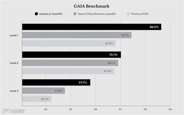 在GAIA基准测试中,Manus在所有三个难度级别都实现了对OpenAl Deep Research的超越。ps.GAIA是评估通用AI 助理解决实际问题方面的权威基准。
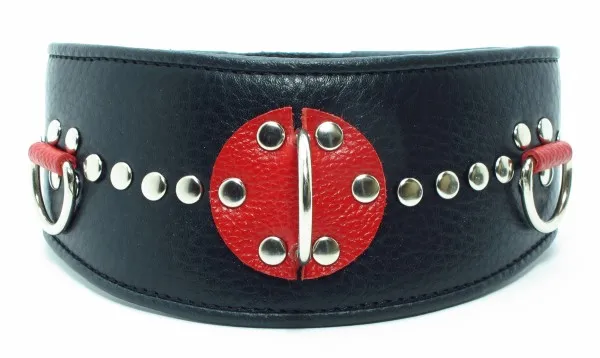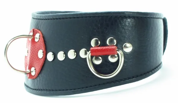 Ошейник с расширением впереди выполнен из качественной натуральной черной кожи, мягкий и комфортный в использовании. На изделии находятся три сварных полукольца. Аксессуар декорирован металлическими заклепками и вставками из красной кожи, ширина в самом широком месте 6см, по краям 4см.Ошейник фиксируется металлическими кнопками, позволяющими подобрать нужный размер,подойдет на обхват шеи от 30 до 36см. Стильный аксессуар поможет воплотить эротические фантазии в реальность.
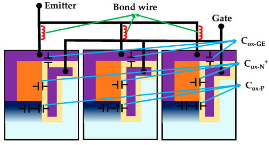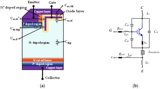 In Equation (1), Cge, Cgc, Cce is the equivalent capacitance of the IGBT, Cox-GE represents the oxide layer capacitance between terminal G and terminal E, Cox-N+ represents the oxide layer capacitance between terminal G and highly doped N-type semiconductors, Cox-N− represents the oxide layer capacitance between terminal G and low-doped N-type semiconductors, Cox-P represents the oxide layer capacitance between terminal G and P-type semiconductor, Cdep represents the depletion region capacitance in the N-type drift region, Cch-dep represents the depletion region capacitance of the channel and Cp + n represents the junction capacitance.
* * *
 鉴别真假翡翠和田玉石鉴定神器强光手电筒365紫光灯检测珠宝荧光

◆ **What to produce**
With pictures excluded, reproduce exactly the lines above from the one containing "Deep Research的超越。ps.GAIA是评估通用AI 助理解决实际问题方面的权威基准。" down to the one containing "In Equation (1), Cge, Cgc, Cce", those two included.

◆ **Answer box**
 在GAIA基准测试中,Manus在所有三个难度级别都实现了对OpenAl Deep Research的超越。ps.GAIA是评估通用AI 助理解决实际问题方面的权威基准。
 Ошейник с расширением впереди выполнен из качественной натуральной черной кожи, мягкий и комфортный в использовании. На изделии находятся три сварных полукольца. Аксессуар декорирован металлическими заклепками и вставками из красной кожи, ширина в самом широком месте 6см, по краям 4см.Ошейник фиксируется металлическими кнопками, позволяющими подобрать нужный размер,подойдет на обхват шеи от 30 до 36см. Стильный аксессуар поможет воплотить эротические фантазии в реальность.
 In Equation (1), Cge, Cgc, Cce is the equivalent capacitance of the IGBT, Cox-GE represents the oxide layer capacitance between terminal G and terminal E, Cox-N+ represents the oxide layer capacitance between terminal G and highly doped N-type semiconductors, Cox-N− represents the oxide layer capacitance between terminal G and low-doped N-type semiconductors, Cox-P represents the oxide layer capacitance between terminal G and P-type semiconductor, Cdep represents the depletion region capacitance in the N-type drift region, Cch-dep represents the depletion region capacitance of the channel and Cp + n represents the junction capacitance.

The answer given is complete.